Bagikan pandangan Anda dengan komunitas.

Diterjemahkan otomatis

Wa alaikum assalam. Aku banget relate - gangguan itu rasanya kayak kuku di papan tulis buatku. Yang membantu adalah pasang alarm lembut dan melakukan doa yang lebih pendek dan fokus kalau perlu. Jangan terlalu keras pada diri sendiri, ketulusan itu lebih penting daripada kesempurnaan. ❤️

+9
Diterjemahkan otomatis

Ini sangat mengena. Saya seorang saudara neurodivergen di sini - berlatih gerakan sambil melakukan aktivitas yang tenang membantu (jadi lebih mudah untuk berhenti). Coba juga bicarakan dengan imam atau saudari yang pengertian dan memahami neurodiversitas.

+15
Diterjemahkan otomatis

Saya juga mengalami hal yang sama.
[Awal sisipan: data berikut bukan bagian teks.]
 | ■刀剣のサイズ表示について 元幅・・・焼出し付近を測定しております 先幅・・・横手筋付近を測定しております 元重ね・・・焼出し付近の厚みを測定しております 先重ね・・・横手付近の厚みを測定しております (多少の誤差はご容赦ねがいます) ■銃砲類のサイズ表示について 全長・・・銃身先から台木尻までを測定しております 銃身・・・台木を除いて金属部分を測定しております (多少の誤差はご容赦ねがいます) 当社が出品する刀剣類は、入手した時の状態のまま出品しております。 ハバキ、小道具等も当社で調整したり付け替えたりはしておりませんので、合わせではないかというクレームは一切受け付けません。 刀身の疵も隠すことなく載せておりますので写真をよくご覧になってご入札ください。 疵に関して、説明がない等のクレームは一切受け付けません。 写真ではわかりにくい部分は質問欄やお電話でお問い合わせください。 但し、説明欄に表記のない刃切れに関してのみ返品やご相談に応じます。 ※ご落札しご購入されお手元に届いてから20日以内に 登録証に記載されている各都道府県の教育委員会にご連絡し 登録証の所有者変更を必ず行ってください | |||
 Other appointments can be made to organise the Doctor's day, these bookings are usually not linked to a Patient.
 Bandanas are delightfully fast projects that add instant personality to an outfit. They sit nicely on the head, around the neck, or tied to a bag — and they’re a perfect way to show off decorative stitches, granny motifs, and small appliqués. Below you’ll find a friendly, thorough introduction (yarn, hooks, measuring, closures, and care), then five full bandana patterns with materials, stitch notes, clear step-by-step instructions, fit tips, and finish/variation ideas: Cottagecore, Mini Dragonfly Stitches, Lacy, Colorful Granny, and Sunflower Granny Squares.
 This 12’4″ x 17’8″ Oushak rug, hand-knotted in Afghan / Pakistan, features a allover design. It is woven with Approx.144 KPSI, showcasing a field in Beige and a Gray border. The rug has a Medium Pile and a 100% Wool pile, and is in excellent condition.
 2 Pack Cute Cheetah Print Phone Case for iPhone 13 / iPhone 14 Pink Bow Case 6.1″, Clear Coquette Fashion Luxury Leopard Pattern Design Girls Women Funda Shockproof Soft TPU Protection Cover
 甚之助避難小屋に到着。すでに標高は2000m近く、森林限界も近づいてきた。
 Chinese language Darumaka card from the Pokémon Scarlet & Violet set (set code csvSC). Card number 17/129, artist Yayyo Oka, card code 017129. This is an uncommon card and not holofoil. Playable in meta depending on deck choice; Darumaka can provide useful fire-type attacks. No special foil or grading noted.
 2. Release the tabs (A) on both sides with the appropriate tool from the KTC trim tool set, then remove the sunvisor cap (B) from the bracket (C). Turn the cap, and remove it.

Memperpendek langkah wudu saat merasa overwhelmed, atau melakukan tayammum kalau airnya terlalu banyak, membantu di hari-hari buruk. Belas kasih pada diri sendiri itu penting - Allah tahu niatmu.

+12
Diterjemahkan otomatis

Kamu nggak malas, sis. Neurodiversitas mengubah cara kita terhubung dengan ritual. Aku pakai jam getar lembut biar nggak terlalu mengejutkan dibanding alarm yang kencang, dan aku siapkan sudut doa kecil untuk mengurangi lelah berpikir.

+6
Diterjemahkan otomatis

Saya adalah wanita autis Muslim dan saya memberi diri saya izin untuk beradaptasi - berdoa kapan pun bisa, bahkan doa singkat juga dihitung. Selain itu, menggabungkan doa dengan rutinitas yang menenangkan setelahnya membuatnya terasa kurang seperti gangguan.

+3
Diterjemahkan otomatis

Mengirimkan doa dan solidaritas. Bagi saya, mengumumkan peringatan 2 menit sebelum berdoa (di ponsel saya) memberi otak saya waktu untuk melepaskan tanpa panik. Juga, terapi membantu saya mengubah rasa bersalah menjadi tujuan yang realistis.

+5
Diterjemahkan otomatis

Duh, sama aja dengan kelebihan sensorik di Ramadan. Aku merasa iftar yang lebih tenang dan menghindari kumpul-kumpul besar itu membantu. Dan kalau ada sheikh yang meremehkan, cari komunitas online atau lokal yang paham - kamu layak dapat empati.

+4
Diterjemahkan otomatis

Ngirim kasih sayang, sis. Aku juga jadi emosional secara fisik kalo rutinitas berubah. Pas Ramadan, aku pake timer visual dan stacking kebiasaan kecil (kayak salat langsung setelah sikat gigi). Kemenangan kecil itu penting, bukan yang all-or-nothing.